-------- EXTRACTED INFORMATION --------

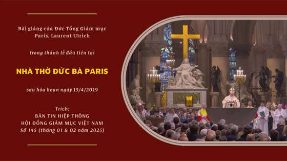 Còn anh em, các giám mục, linh mục, phó tế, các tín hữu của Chúa Kitô, những người đã được rửa tội, những người sống đời thánh hiến, những người phục vụ Tin Mừng theo hoàn cảnh và sứ mạng riêng của mình, anh chị em yêu quý của giáo phận Paris, đừng chỉ choáng ngợp bởi vẻ đẹp của những phiến đá được phục hồi, nhưng hãy để cho mình được dẫn dắt đến những niềm vui lớn nhất, đến món quà cao quý nhất mà Thiên Chúa ban tặng, đó là sự hiện diện yêu thương của Ngài, sự gần gũi của Ngài với những người nghèo khổ nhất, và quyền năng biến đổi của Ngài nơi các bí tích.
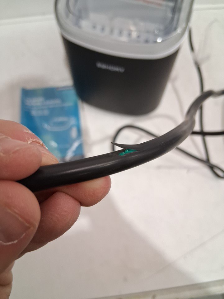 Tested for Power Cord has a cut on it, exposed wire, machine still works
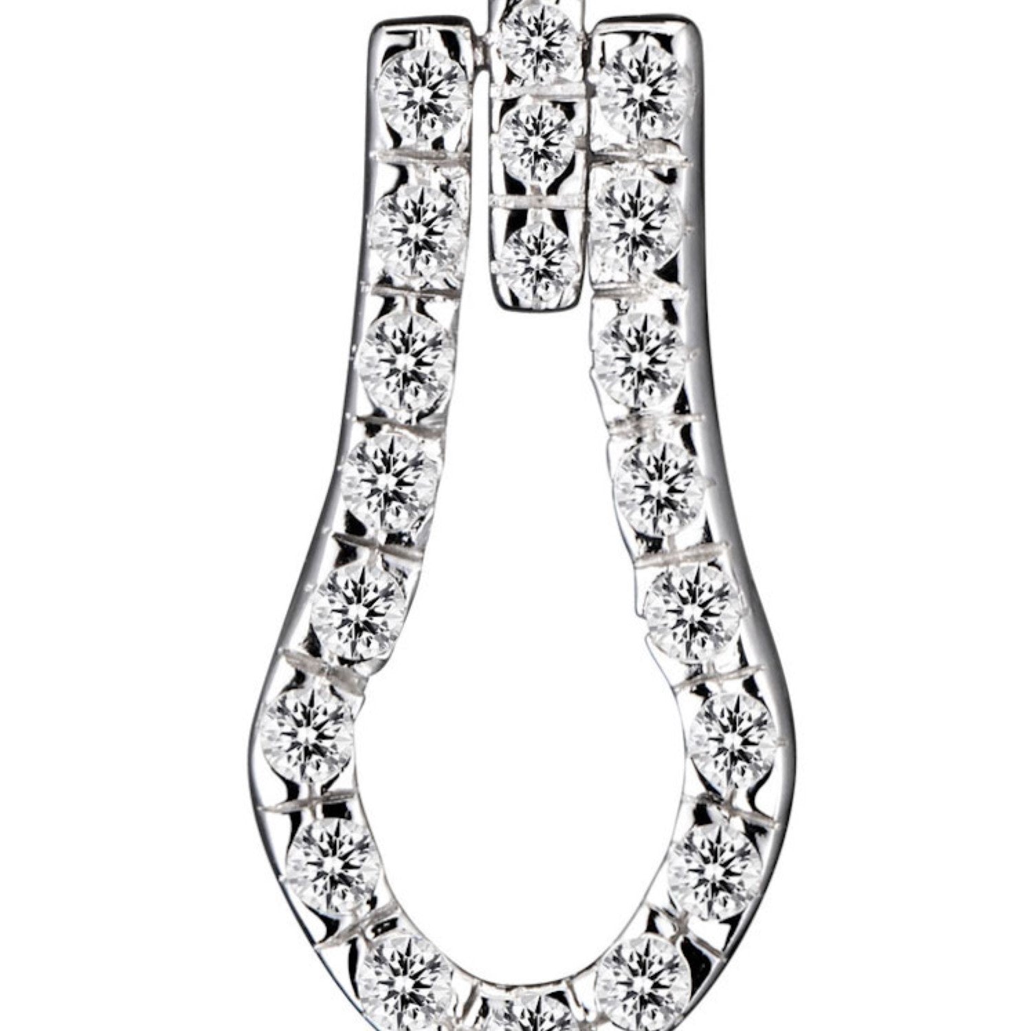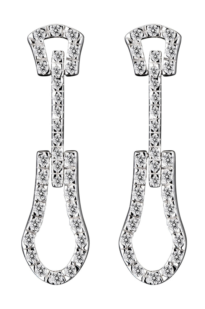 These dangle earrings are crafted from sterling silver and are set with cubic zirconia stones in a guitar shape.
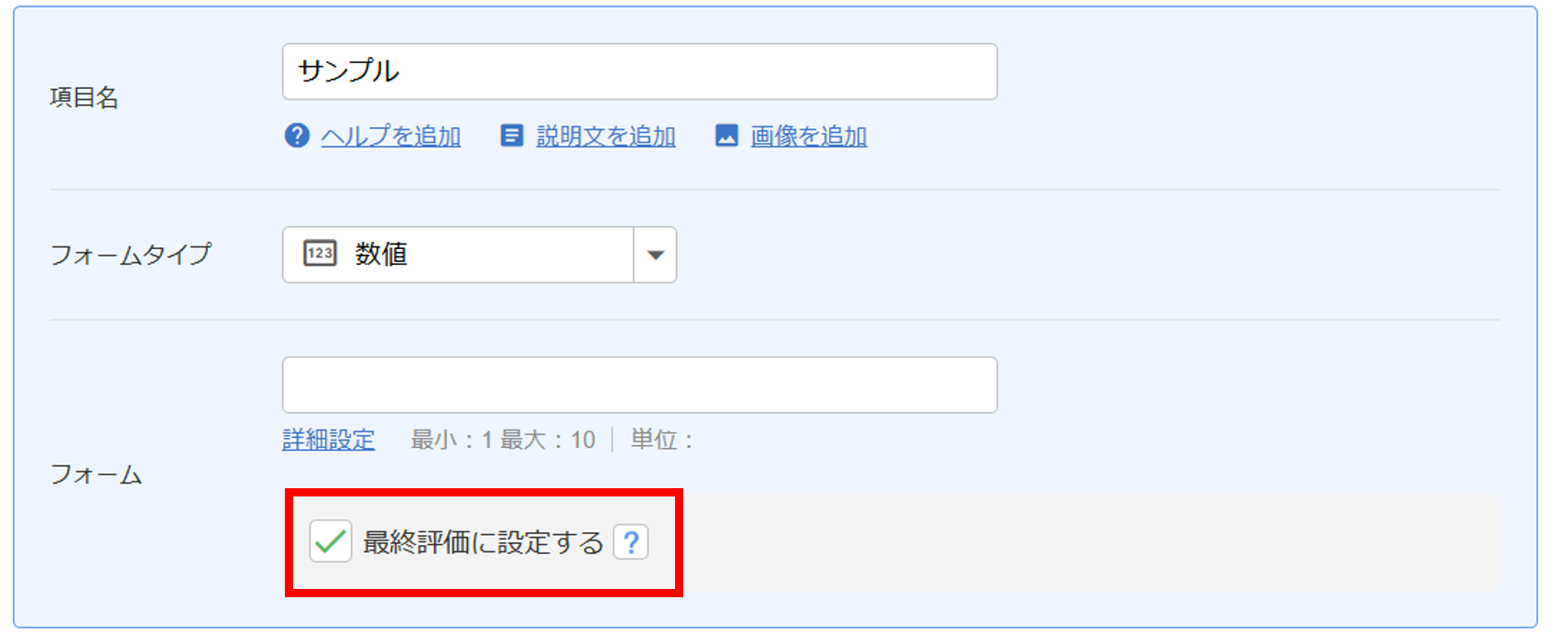 「評価シート」画面の「数値」「プルダウン」「計算結果」フォーム内に「最終評価に設定する」のチェックボックスを追加しました。
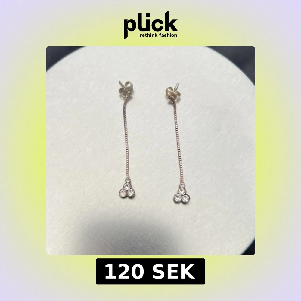 Säljer ett par eleganta, långa örhängen i silverfärg med tunn kedja och tre gnistrande stenar längst ner. Perfekta för att ge en stilren och glittrig touch till din look.
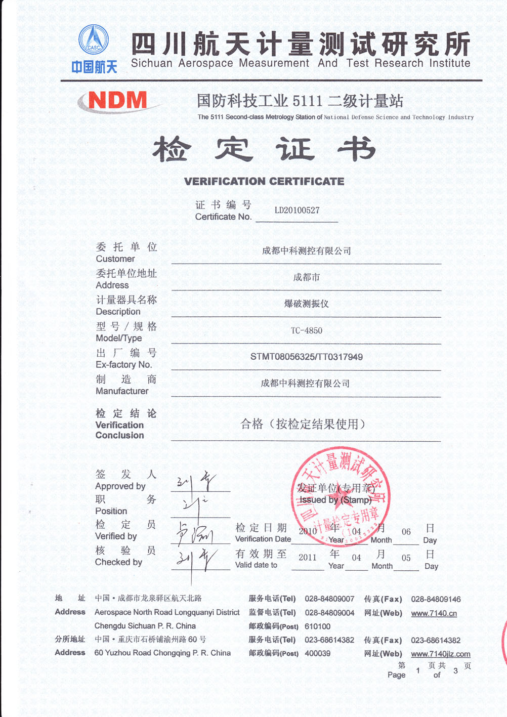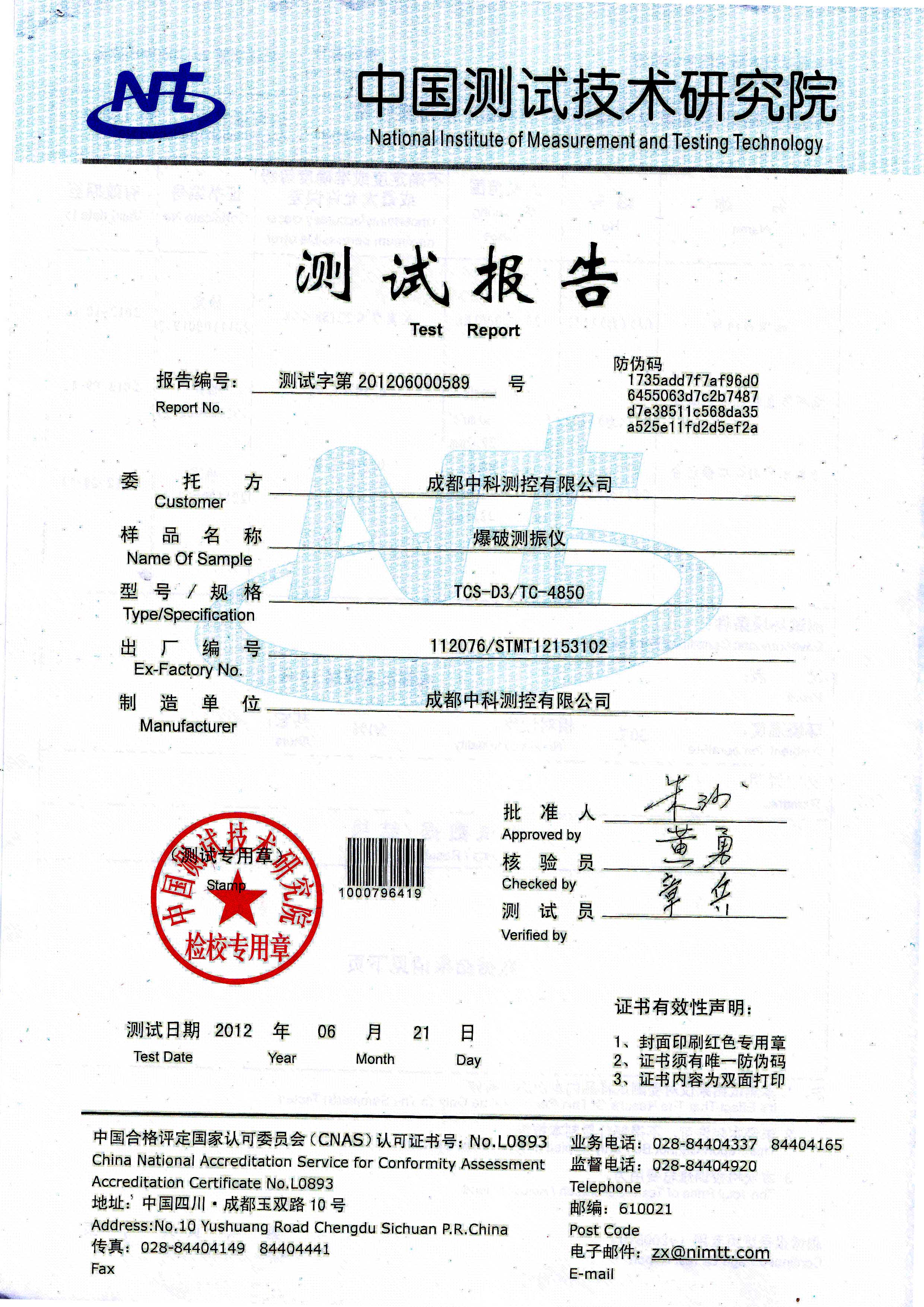 四川計(jì)量檢測科學(xué)研究院校準(zhǔn)證書
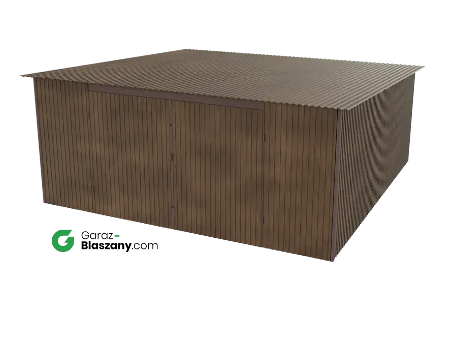 Garaż blaszany 5x5 drewnopodobny Orzech dach jednospadowy brama dwuskrzydłowa - doskonale nadaje się jako domek narzędziowy lub niewielki magazyn dla firm. Łączy praktyczne zalety typowego garażu z minimalnym wykorzystaniem przestrzeni co czyni go uniwersalnymi idealnym do montażu na gęściej zabudowanych przestrzeniach.
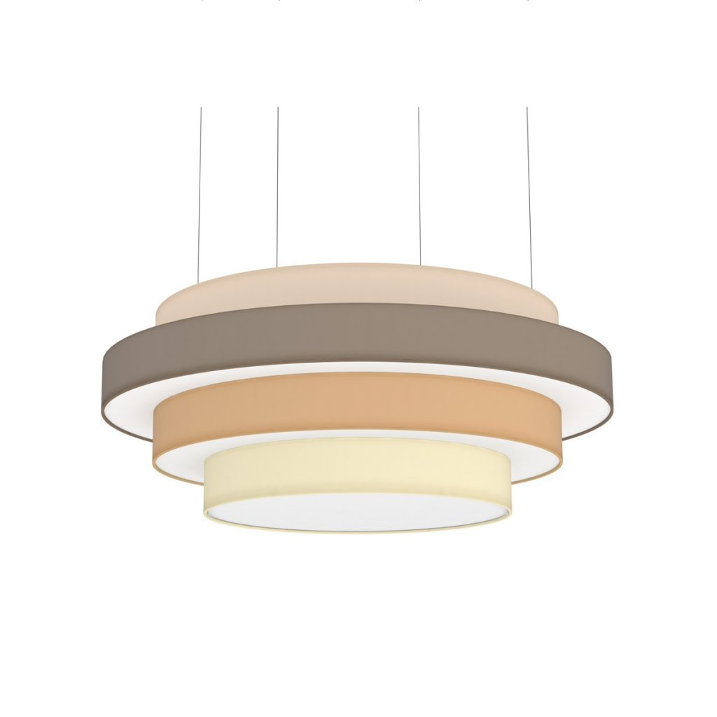 Die Deckenleuchte Paralu Pyramide wird von verschieden großen, runden Stoffschirmen geziert. All unsere Schirme lassen sich in Maß und Stoff gemäß Ihren Wünschen anpassen.
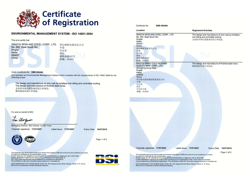 2007年7月17日,邢鋼獲OHSAS 18001:2007認證證書(職業(yè)健康安全管理體系規(guī)范)。
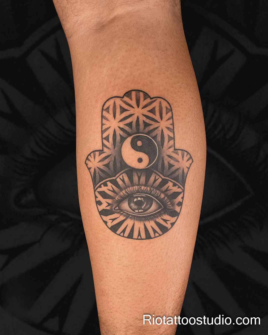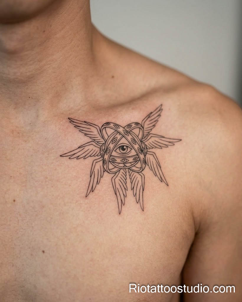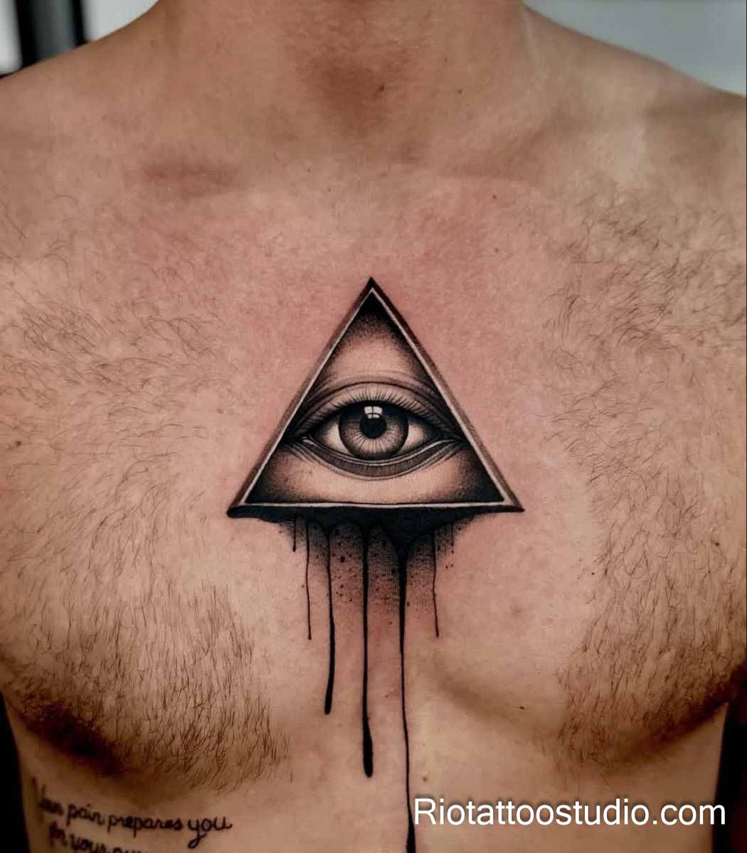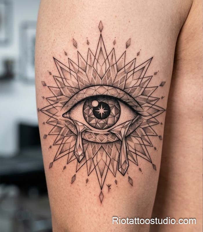 These concepts often involve “Sacred Patterns” like the Flower of Life or Metatron’s Cube to enhance the protective power of the eye evil tattoo. The contrast between the organic shape of the eye and the rigid, mathematical lines of the geometry creates a visually compelling piece. Our artists at Rio Tattoo Studio are experts at calculating these complex symmetries to ensure the tattoo looks perfect from every angle.
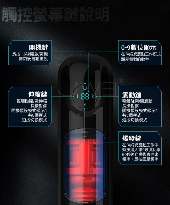 ■尺寸:大小詳如圖片標示 ■材質:ABS+TPE ■供電:USB充電 ■特點:9頻伸縮、 9頻震動
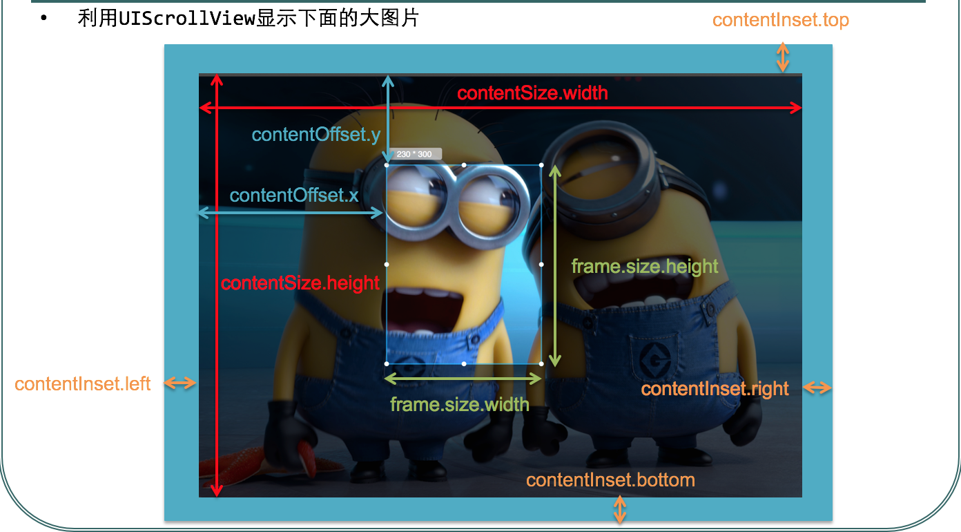 这个属性用来表示UIScrollView内容的尺寸,滚动范围(能滚多远)

--------

### EXERCISE OBJECTIVE:
Give back exactly the lines from the one containing "These concepts often" to the final line of the entries, both included, and no picture.

### FINISHED TASK:
 These concepts often involve “Sacred Patterns” like the Flower of Life or Metatron’s Cube to enhance the protective power of the eye evil tattoo. The contrast between the organic shape of the eye and the rigid, mathematical lines of the geometry creates a visually compelling piece. Our artists at Rio Tattoo Studio are experts at calculating these complex symmetries to ensure the tattoo looks perfect from every angle.
 ■尺寸:大小詳如圖片標示 ■材質:ABS+TPE ■供電:USB充電 ■特點:9頻伸縮、 9頻震動
 这个属性用来表示UIScrollView内容的尺寸,滚动范围(能滚多远)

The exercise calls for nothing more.